AN UNREPENTANT LITTLE OL’ ISLAMOPHOBE FROM KOKOMO
When the Beach Boys recorded their wonderful #1 hit “Kokomo” for the Tom Cruise cinematic classic Cocktail, we are almost certain that it was not some kind of dog whistle encouraging people to bash Muslims.

However, Roger Stewart is an intolerant-looking Kokomo city councilman who refuses to step down after sharing the following horrifying comments from someone else on his private Facebook account:

I refuse to bend, twist or change to make Muslims feel comfortable in MY COUNTRY. They either adhere to our laws or leave!

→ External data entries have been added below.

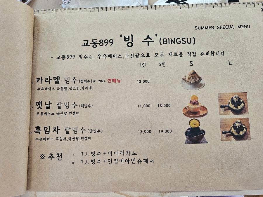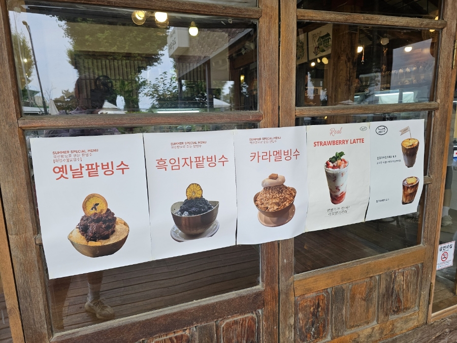 옛날 팥빙수, 흑임자 팥빙수, 캐러멜 빙수 등 다양한 빙수를 판매하고 있었습니다.
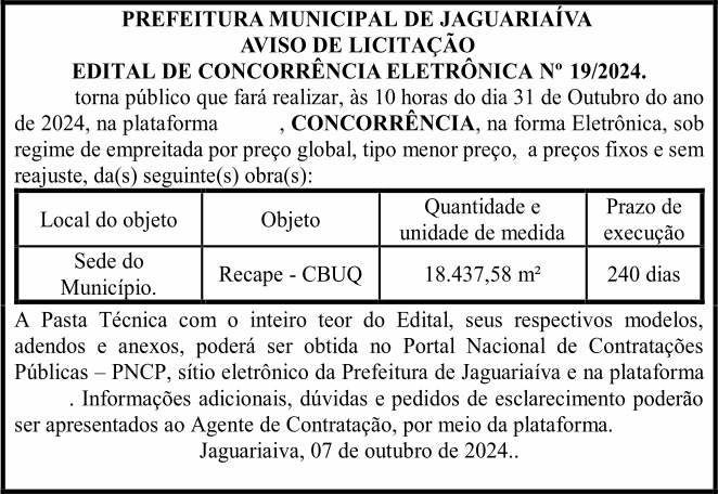 Aviso de Licitação Concorrência Eletrônica Nº 19/2024
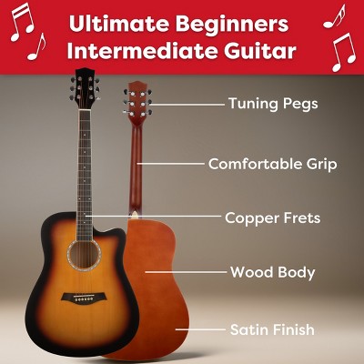 GLARRY Full Size Acoustic Electric Bass Guitar Beginner Kit w/Inbuilt Tuner, Bag, Strap, Picks, Strings
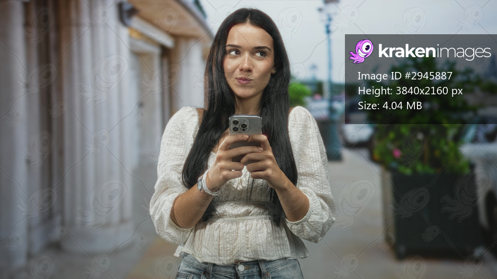 Woman holding smartphone, smiling while texting on a street in front of a building planter and parked cars; joy casual connection.
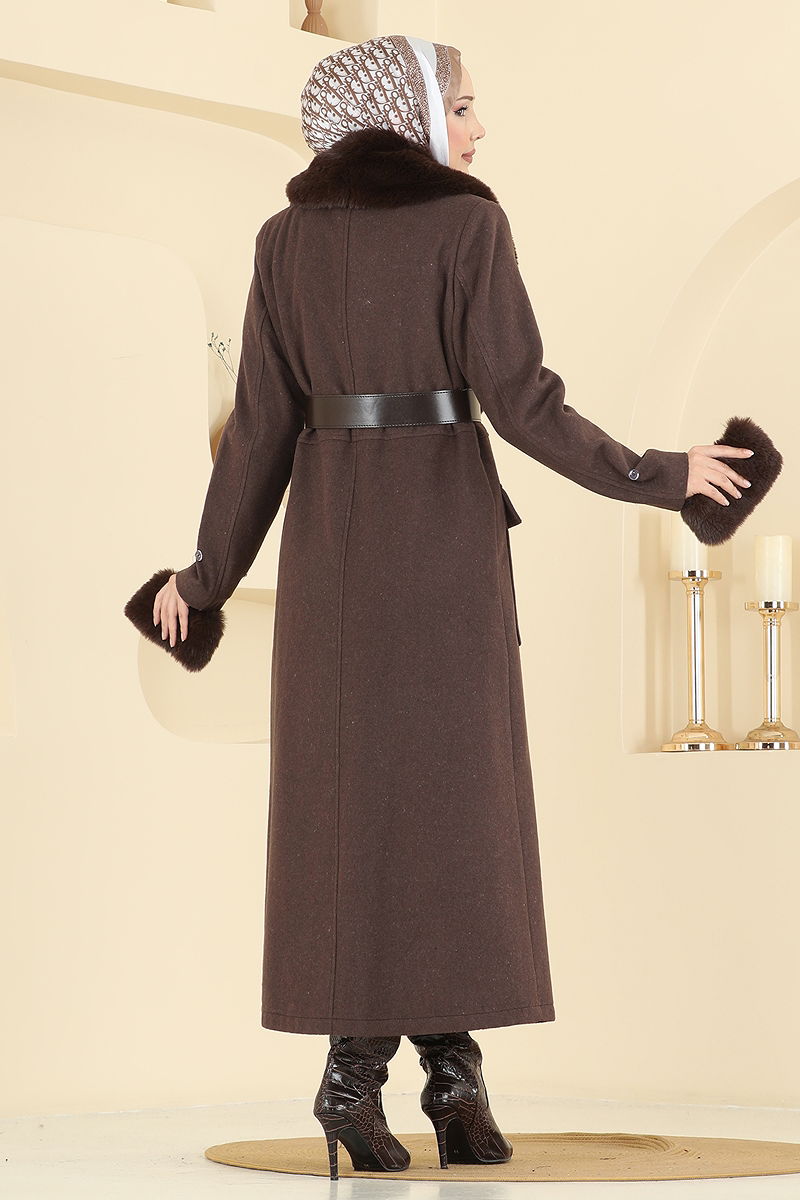 Çıkarılabilir Kürklü Kaşe Kaban Kahve
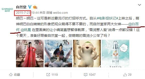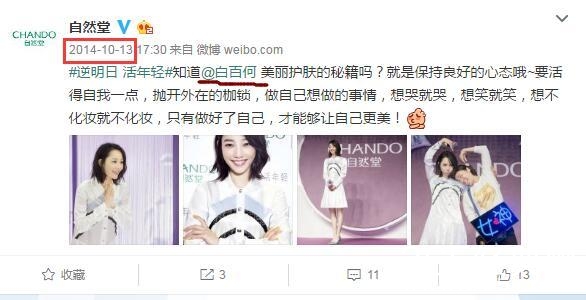 还有国内大品牌自然堂,翻看自然堂的官方微博可以看到,白百何可是在2014年和2015年连续两年接下了他们的代言。
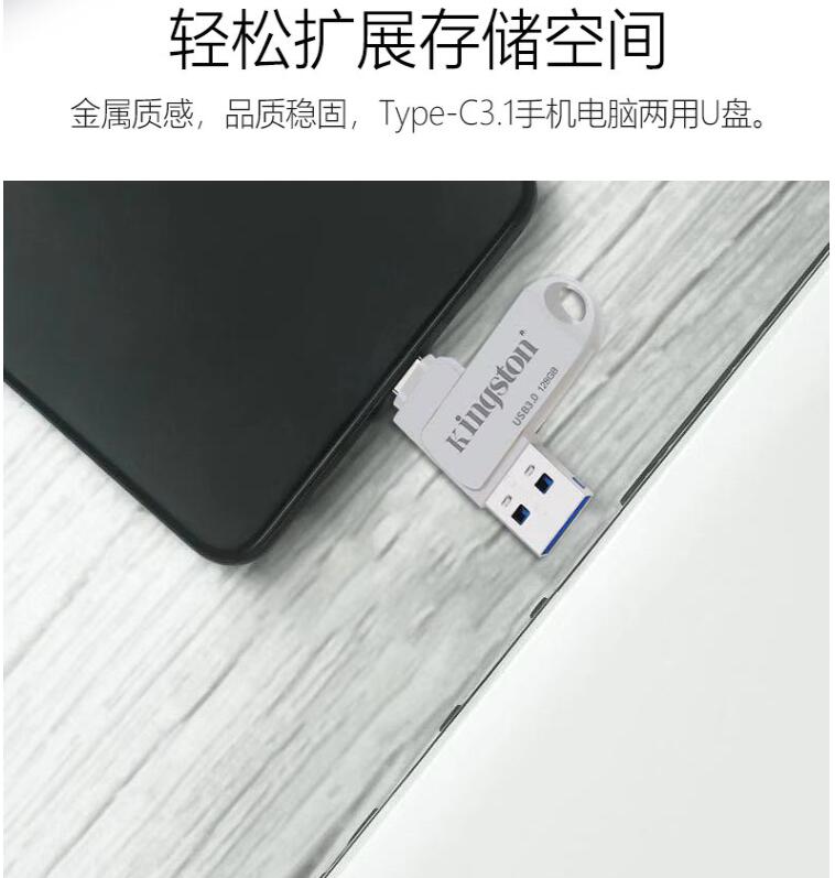 金士頓Type-c手機(jī)電腦兩用U盤128G高速USB3.1華為小米安卓OTG優(yōu)盤
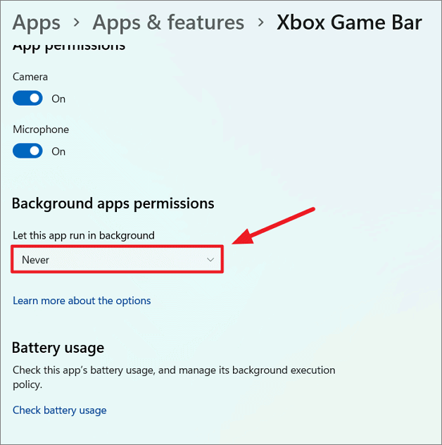 Step 7: In the advanced options, locate the 'Background app permissions' section. From the dropdown menu under it, select 'Never' to prevent the app from running in the background.
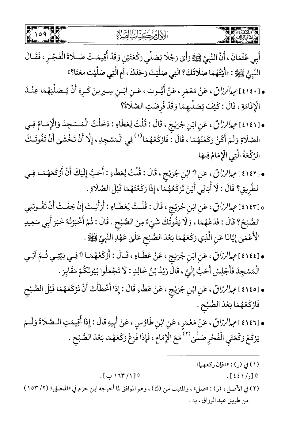 ° [٤١٤٣] عبد الرزاق، عَنِ ابْنِ جُرَيْجٍ، قَالَ: قُلْتُ لِعَطَاءٍ: أَرَأَيْتَ إِنْ خِفْتُ أَنْ تَفُوتَنِي الصُّبْحُ؟ قَالَ: فَدَعْهُمَا، وَلَا يَفُوتُكَ شَيءٌ مِنَ الصُّبْحِ. قَالَ: ثُمَّ أَخْبَرْتُهُ خَبَرَ أَبِي سَعِيدٍ الْأَعْمَى إِيَّانَا عَنِ الَّذِي رَكَعَهُمَا بَعْدَ الصُّبْحِ عَلَى عَهْدِ النَّبِيِّ - صلى الله عليه وسلم -.

THIS IS MY COUNTRY! Understood???

He also stated that anyone who takes the oath of office on a Koran rather than a Bible is a “traitor” to his nation.

But unlike a former candidate for the prestigious position of Kokomo city councilman who resigned after referring to Muslims as “goat-humpers,” Stewart vows to fight the good fight against the 0.4% of the city’s population who are Muslims.

E.U. SCOLDS MIGRANT-RESISTANT COUNTRIES
The European Court of Justice—which exists to commit injustices against indigenous Europeans—recently condemned Poland, Hungary, and the Czech Republic for refusing to embrace hundreds of thousands of swarthy “refugees” who come to Europe merely for the rape and free cell phones.

Czech Prime Minisgter Andrej Babis:

We lost but that’s not important. The important thing is we don’t have to pay anything. The fundamental thing is that we will not take in any migrants and that the quotas have since disappeared.

According to Hungarian Justice Minister Judit Varga:

The idea of a quota was unreasonable from the beginning. The European mainstream still have not understood that supporting immigration is not a good answer to Europe’s problems.

We disagree. The European mainstream understands perfectly that supporting immigration will harm Europe, which is precisely why they support it.